チームへの支援や励まし:指導、励まし、支援を通してチームをサポートします。チームメンバーのトレーニングとキャリア開発を主導します。矛盾する表現ですが「チームの背後にいてチームを主導」します。サーバントリーダーの重要な役割は、たとえリーダーがいなくなっても、現在の役割を通して、さらには役割をこえてチームメンバーを育成し成長させることです。
チームへの教育:リスクの定量分析のようなプロジェクトマネジメントの技術的手法を使ってチームを助けます。チームメンバーや、役割や機能の知識や経験を持っていないことがあります。サーバントリーダーは、チームメンバーにトレーニングを実施するか、これらの機能を引き受けることでチームを支援します。
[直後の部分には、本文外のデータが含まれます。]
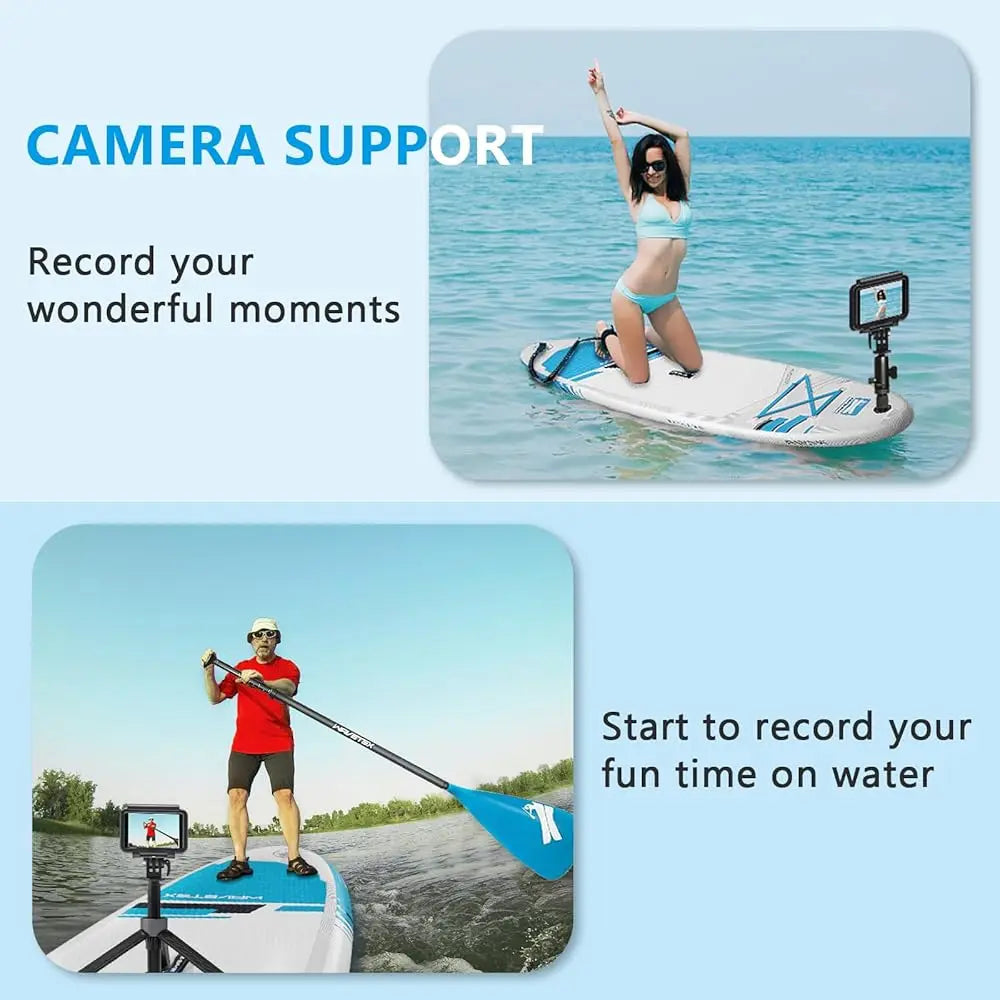 Equipped with two fixed fins and one removable center fin, you’ll enjoy better maneuverability and directional control. Plus, a built-in action camera mount lets you record your water adventures hands-free. The included carrying backpack fits the deflated board and all accessories for easy transport and storage.

内外のコラボレーション:チームの成功を祝い、外部グループとの活動の構築を支援し橋渡しします。コラボレーションの強化に対する感謝と善意の上昇スパイラルを創出します。
ファシリテートする
プロジェクトマネージャーがサーバントリーダーとして行動するとき、「調整のマネジメント」から「コラボレーションの促進」に重点が移ります。
サーバントリーダーは、コラボレーションの促進に重点を置きます。コラボレーションの促進とは、誰もがベストの指向と仕事ができるよう支援することです。サーバントリーダーは、チーム内とチーム間のコラボレーション、対話を促進します。例えば、チーム内やチーム間で生じたボトルネック(不和や不平不満)を顕在化させ、伝達することを支援します。
そしてサーバントリーダーは、ファシリテーターとして振る舞います。ファシリテーターは、対話のある会議、非公式の会話、知識の共有を通してコラボレーションを促進します。サーバントリーダーは、責任を積極的に引き受けるのではなく、公平な橋渡し役やコーチになります。つまり例えば、部下の仕事を積極的に引き受けるのではなく、話を聞いて原因を分析し、チームが自立的に解決できるようアドバイスや話し合いの場を設けることに徹します。
組織の障害の取り除く
サーバントリーダーは、組織の障害を取り除く役目があります。
サーバントリーダーは、アジャイル宣言の第一の価値に重点を置き、組織の障害を取り除く役目があります。
つまり、プロセスやツールよりも個人と対話を重視します。具体的には、チームや組織のアジリティ(早さ)を妨げているプロセスを綿密に調べ、それらの効率化を行います。例えば、ある部署が詳細な文書化に多くの時間を要している場合、その文書をレビューして、本当に必要な文書の量を評価します。これによって、チームは文書の作成よりも価値のあるプロダクトを提供することに注力できます。
文書作成以外にも、組織の障害はあります。財務部門、変更管理委員会、監査のプロセスや部門は、必要に応じてアジリティをチェックし適切に対処します。上司の決裁待ち、従来から続いている慣行の実行、紙書類の作成と保管棚の管理、参加者が意見しない会議・・・。あまりに多くの組織が「ボトルネック」となるプロセスを抱えています。サーバントリーダーは、これらの組織的な障害を変更または除去してチームを支援する能力を持っています。